PROVIDENCE, R.I. (WPRI) — Brown University campus officials are investigating reports of vandalism to American flags set out around the college green for Veterans Day last Friday.

“The flags were planted a day in advance as part of an event held on Veterans Day, where student veterans and ROTC undergraduates joined students, faculty and staff” for a ceremony, according to a statement Tuesday from the university’s media relations office.

The ceremony had ROTC members carrying an American and a Rhode Island state flag down a path lined with small American flags prior to the ceremony. Some Brown community members had worked to restore removed or broken flags in time for the event

“Behind a trash can we just found a bundle of them,” Brown University student Tristan Hood told Eyewitness News. “Most of them has been snapped or torn at the fabric.”

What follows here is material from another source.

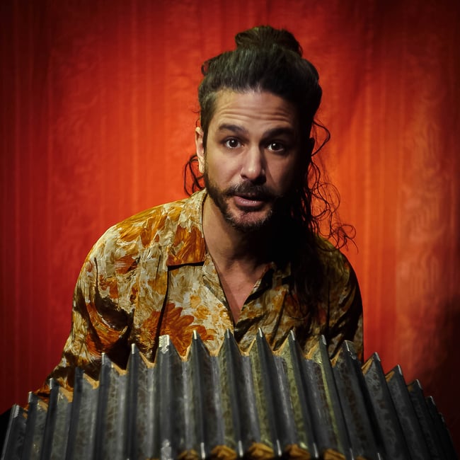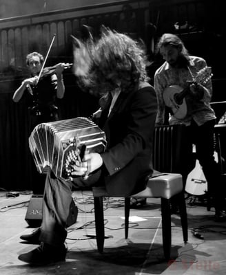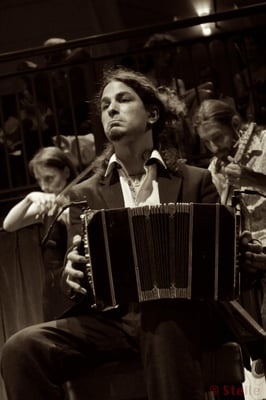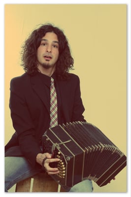 D'une voix vagabonde aux racines profondes, il souffle la Pampa qui souffre dans ses chants. Ni traits mous, ni trémolos, son visage est comme les chants engagées de sa terre natale. Plusieurs maitres, plusieurs voix pour un unique chemin, plusieurs pays pour un seul univers, le Tango. A 20 ans, il se laisse emporter par un vent ascendant et tutoie au gré des tourbillons une nuée de styles qu'il aspire aux grands maestros tant en Argentine qu'en Uruguay pour les expirer après s'être mêlés aux alizés de l'Atlantique, en un zéphyr suave et sensible qu'il module au bandonéon dans les festivals et milongas de France et d'Espagne. Il chérit et les vocales et les cordes de sa guitare. Autodidacte, il ne s'en laisse pas moins dicter ses choix musicaux : apôtre de Goyeneche, disciple de Ribero, son physique christique en fait un chantre de thèmes plus révolutionnaires.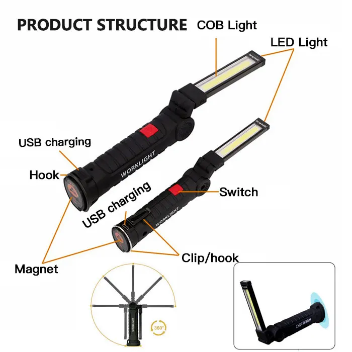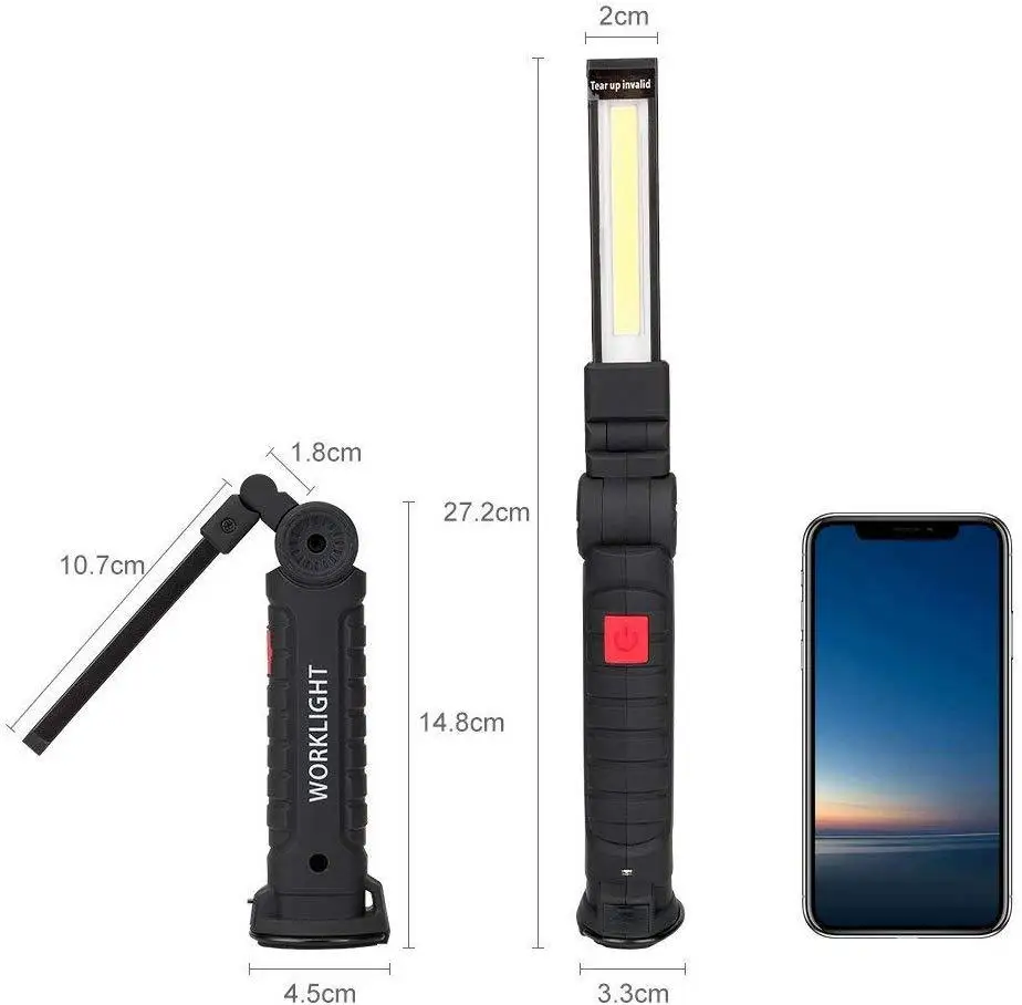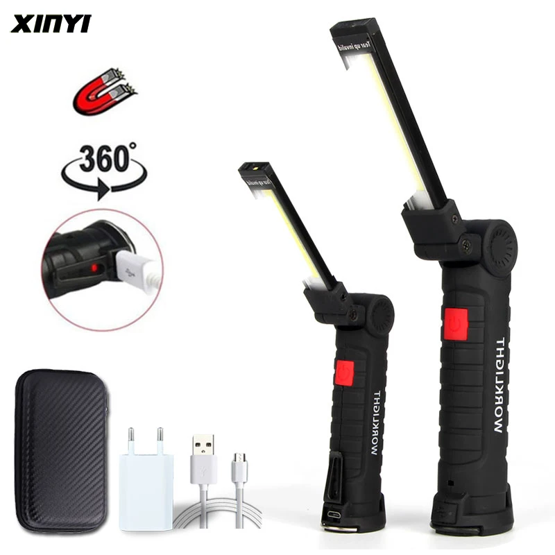 Светодиодный фонарик Torch5 режимов COB, рабочий фонарик, лампы для ремонта автомобилей, USB, перезаряжаемые, магнитные, вращающиеся на 360 градусов портативные фонари

Hood, an Air Force veteran who served two tours in Iraq, said students he encountered removing or damaging the flags on Thursday and Friday told him they were doing it to protest Veterans Day.

“It was a direct attack on veterans,” he said. “It wasn’t anything political.”

Comments supporting those who broke and tore the flags began popping up on a Brown University student-run Facebook page, but by Tuesday, the post had been taken down and replaced with another.

“We recently published a post expressing support for people who took down flags on Veterans Day. In principle, there was nothing wrong with this post,” the Facebook post read in part. It continued, “As a result, our page was brigaded by firebrands and we have received multiple toxic messages along these lines. That post has now been removed.”

The vandalism was captured on cell phone video by Brown student Nicholas Strada. He posted the video to Facebook and by Tuesday evening it had been viewed more than 33,000 times.

“I’m very Patriotic, that would bother me every day, but because it was Veterans Day, it was even more disturbing,” said Strada. He said people from across the country have been writing him messages to thank him, but he said he’s telling them all the same thing: “Thank a veteran.”

Meanwhile, Brown University said they are looking into the acts of vandalism.

“Removing American flags set up for a Veterans Day ceremony is in direct opposition to Brown’s values,” and any destruction of property is subject to disciplinary review under college rules, the office said.

Hood, who said he’s one of about a dozen veterans in the undergraduate student body at Brown, is hopeful more veterans attend the university and tell their fellow students what the American flag means to them.

“I’ve seen a lot of people come home under that flag. These are people who don’t go home to their families,” he said. “And the flag means that to me. But unfortunately some of the students at Brown don’t feel that way.”